En lo formal, Cacería de brujas es un ejercicio brillante, incluso cuando tropieza. Hay decisiones musicales que rozan el exceso, giros dramáticos que parecen demasiado calculados, y una sensación recurrente de que la película quiere decir más de lo que realmente puede sostener. Pero incluso esos deslices tienen un valor: hacen visible la tensión entre la serenidad elegante del estilo de Guadagnino y la violencia moral de su historia. Cuando el director se deja llevar por la incomodidad en lugar de intentar dominarla, la película alcanza sus momentos más potentes.

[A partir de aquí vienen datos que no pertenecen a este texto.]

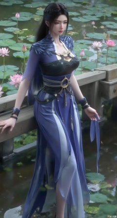 (masterpiece:1.2),best quality,The image is a digital illustration of a young woman sitting on a wooden bench in a pond with lily pads. She is wearing a long dress with design on the chest and sleeves. The dress has a high neckline and short sleeves,Holding a lotus in hand. She has long dark hair styled in loose waves and is wearing gold high heels. The woman is posing with one hand on her hip and the other resting on the edge of the bench. The background is filled with pink and white lotus flowers and green leaves. The overall mood of the image is peaceful and serene,(huge breasts:2.99),(full breasts:2.99),(Background with traditional Chinese architecture,Pond, water lilies:1.39),,XzilingXY3,XlimuwanJCY,XmoxianYK,Xfanlv
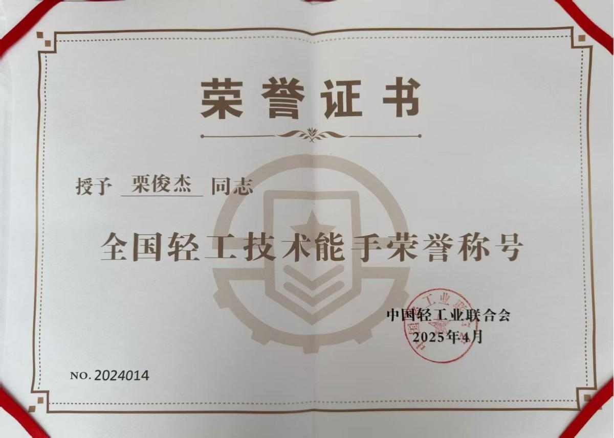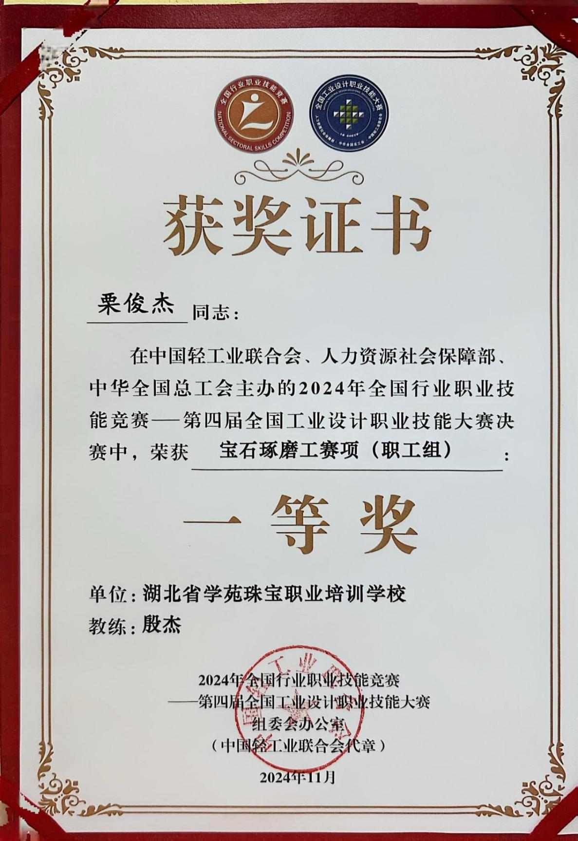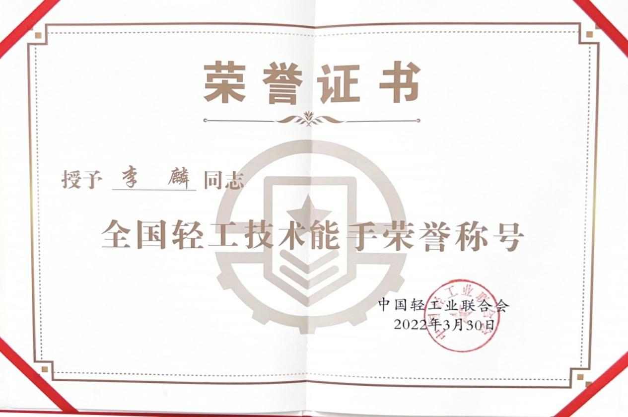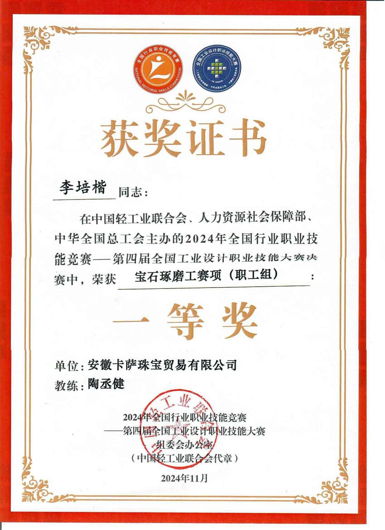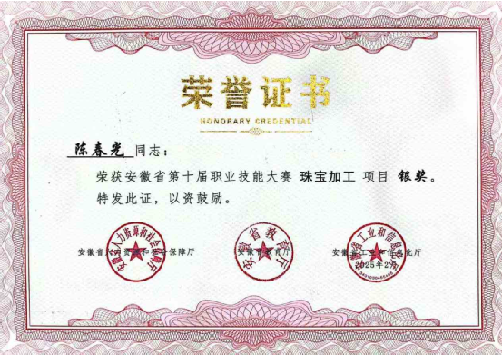 2024年参加第四届全国工业设计大赛宝石琢磨工赛项职工组第一名荣获“全国五一劳动奖章”候选人和“全国轻工技术能手”称号。
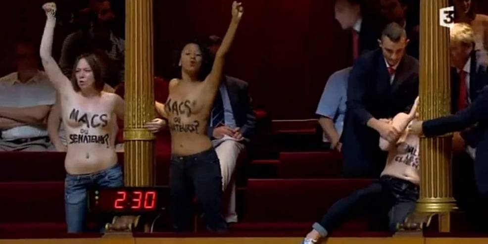 Die Pariser Femen waren skeptisch. Wie sich herausstellte, zu Recht. Nachdem die französische Nationalversammlung im November 2013 mit klarer Mehrheit für ein Prostitutionsgesetz inklusive Freierbestrafung gestimmt hatte, gab jetzt eine Sonderkomission des Senats vorab ein erstes Votum für den Senat ab. Es könnte knapp werden, wurde im Vorfeld gemunkelt. Deshalb traten die feministischen Guerilla-Girls auf den Plan: „Macs ou Senateurs?“ hatten sie sich auf die nackten Oberkörper geschrieben: „Zuhälter oder Senatoren?“
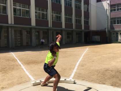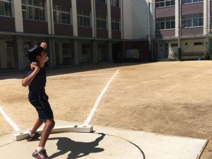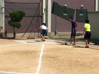 グランドで行われていました陸上競技部の全体練習のあと、フィールド砲丸投げチームは、中庭で居残り練習です。目標は、もう少しで突破できる、ジュニアオリンピックへの出場標準記録を超える記録です。これからの大会、記録会で挑戦して行きます。
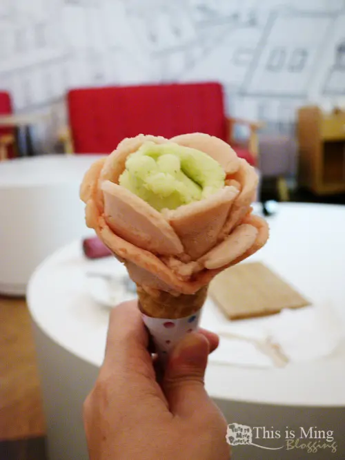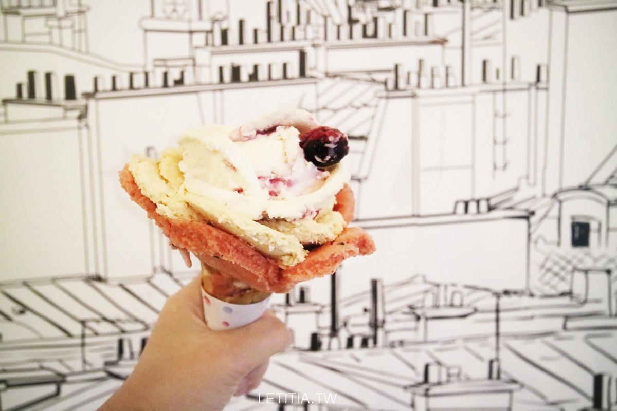 我挑了「糖漬櫻桃」、「焦糖花生」以及「綜合水果」三種口味組成一隻玫瑰甜筒冰淇淋。
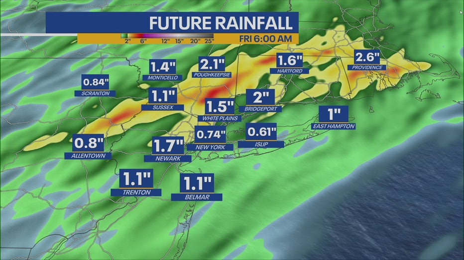 Specifically during Thursday's morning commute, where scattered showers, storms, heavy downpours and even some localized flooding are all possible. FOX 5 NY's Mike Woods says: "Your rain chances go up big time tonight into tomorrow."
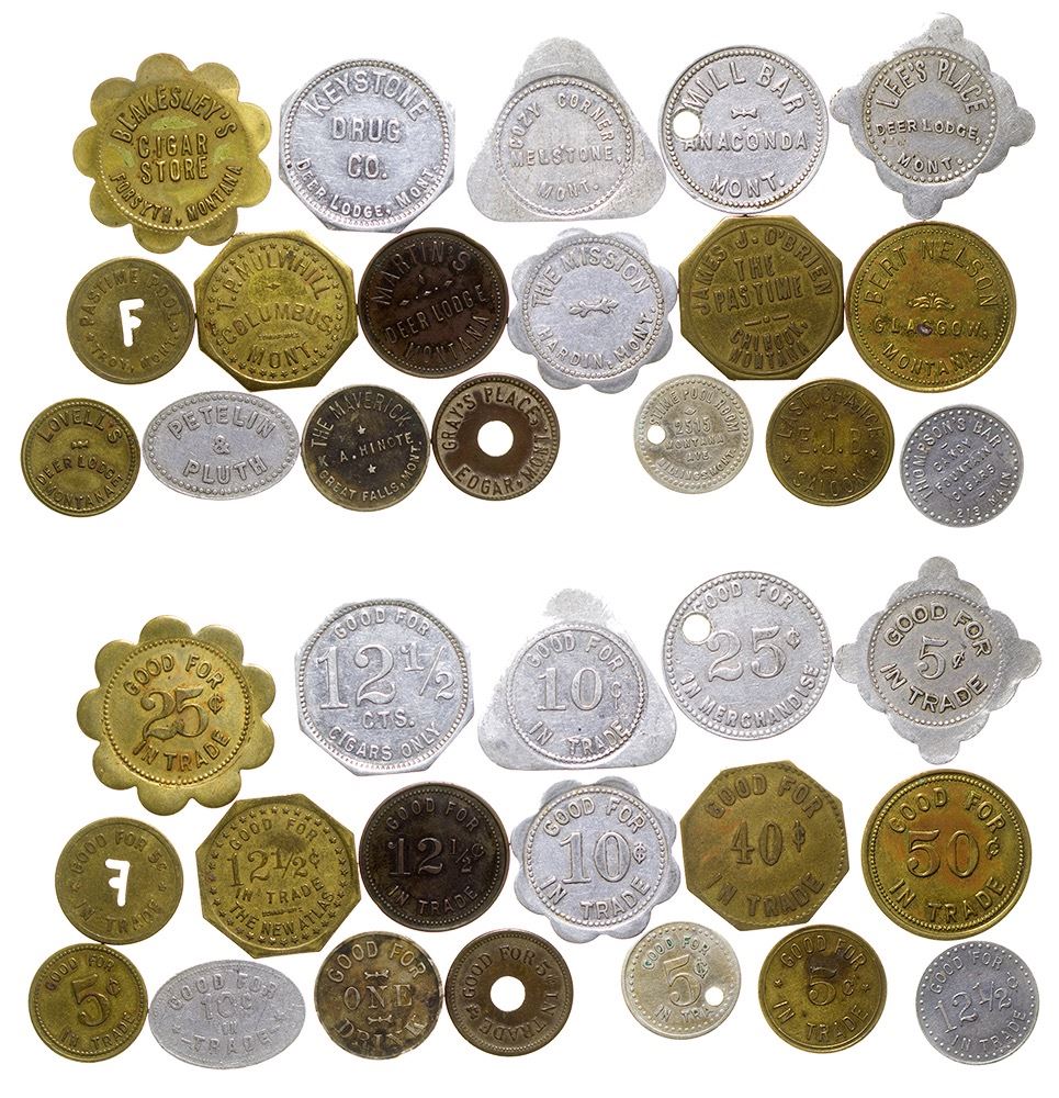 Lot of eighteen. One R-7 and four R-4. 1) R-7. Gray's Plcae, Edgar, Montana. 2) R-6. Pastime Pool, Troy. Cut 'F'. 3) R-6 Keystone Drug, Deer Lodge, Large Aluminum Octagon. 4) R-6. The Maverick. Great Falls. 5) Lancaster Saloon, Billings. Also Rounded triangle Cozy Corner, Melstone; scalloped Cigar Store, Forsyth; octagon TP Mulvihill, Columbus; scalloped The Mission, Hardin; punched hole Mill Bar, Anaconda; large Bert Nelson, Glasgow; oval Petelina & Pluth, Anaconda; Martin's, Deer Lodge; punched hoe Pastime Pool Room, Billings; large octagon James J O'Brian, Chipook; Lovell's, Deer Lodge; and Thompson Bar, Anaconda.
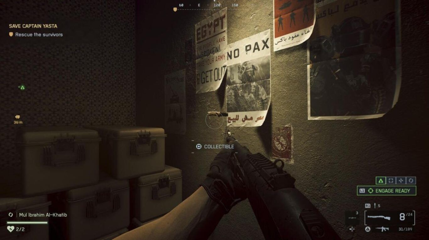 بعد جمعك للّوحة الأولى مباشرةً، تابع التقدم مع فرقتك نحو ساحة مفتوحة (Courtyard) حيث ستواجه المزيد من قوات Pax. بعد انتهاء الاشتباك القصير وتأمين المنطقة، اتجه نحو الغرف الجانبية على يسار الساحة. في إحدى هذه الغرف ستجد ملصقًا كبيرًا لمنظمة Pax مغروزًا فيه سكين عسكري، وتتدلّى منه اللوحة التعريفية الثانية. اقترب منها لتلتقطها، وبذلك تكون قد جمعت كامل المقتنيات الخاصة بمهمة Nile Guard.
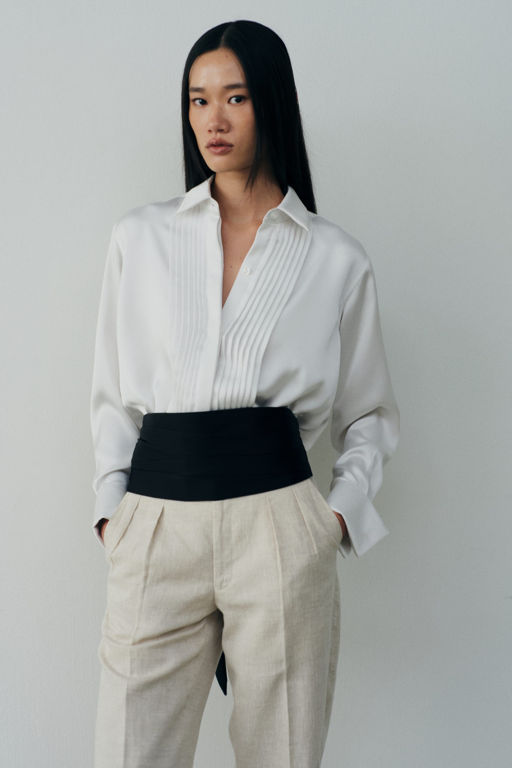 • A softened take on the classic tuxedo shirt — blending structure with fluidity
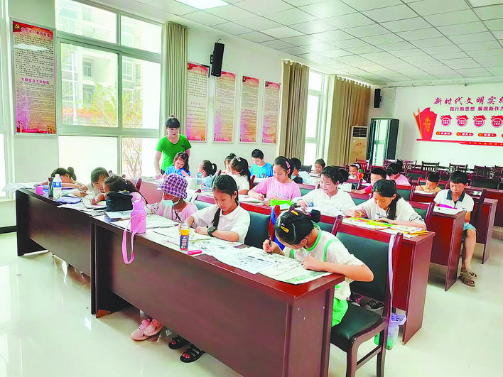 “‘七彩课堂’开设有英语,国学,绘画,硬笔书法和暑期作业辅导等,还结合清明节、端午节、中秋节等传统节日,为社区的孩子们准备丰富多彩的活动。不仅能丰富他们的日常和假期生活,也能让在外务工的家长安心。”陶西社区党总支书记介绍说,“七彩课堂”从2015年开始,到现在已经是第8年了,主要是为了精准化服务社区居民,也给需要帮助的群众带来便利。

El corazón del film, sin embargo, es Julia Roberts. Su interpretación no se apoya en grandes gestos, sino en un agotamiento emocional que filtra cada palabra. Alma es brillante, pero frágil; orgullosa, pero temerosa de ser descubierta en su vulnerabilidad; una mujer que ha construido su identidad profesional como una fortaleza, y que ahora descubre que también puede volverse una prisión. Roberts nunca intenta hacerla “agradable”; la hace verdadera, contradictoria, humana. Su sola presencia da dirección a un film que, por lo demás, insiste en dispersarse.
Al final, Cacería de brujas no quiere ofrecer respuestas. Quiere recordar que estamos viviendo un tiempo donde la exigencia de claridad inmediata choca con la complejidad de las vidas humanas. Es una película imperfecta, sí, pero también honesta en su voluntad de incomodar. Deja heridas abiertas, porque entiende que cerrarlas sería una mentira.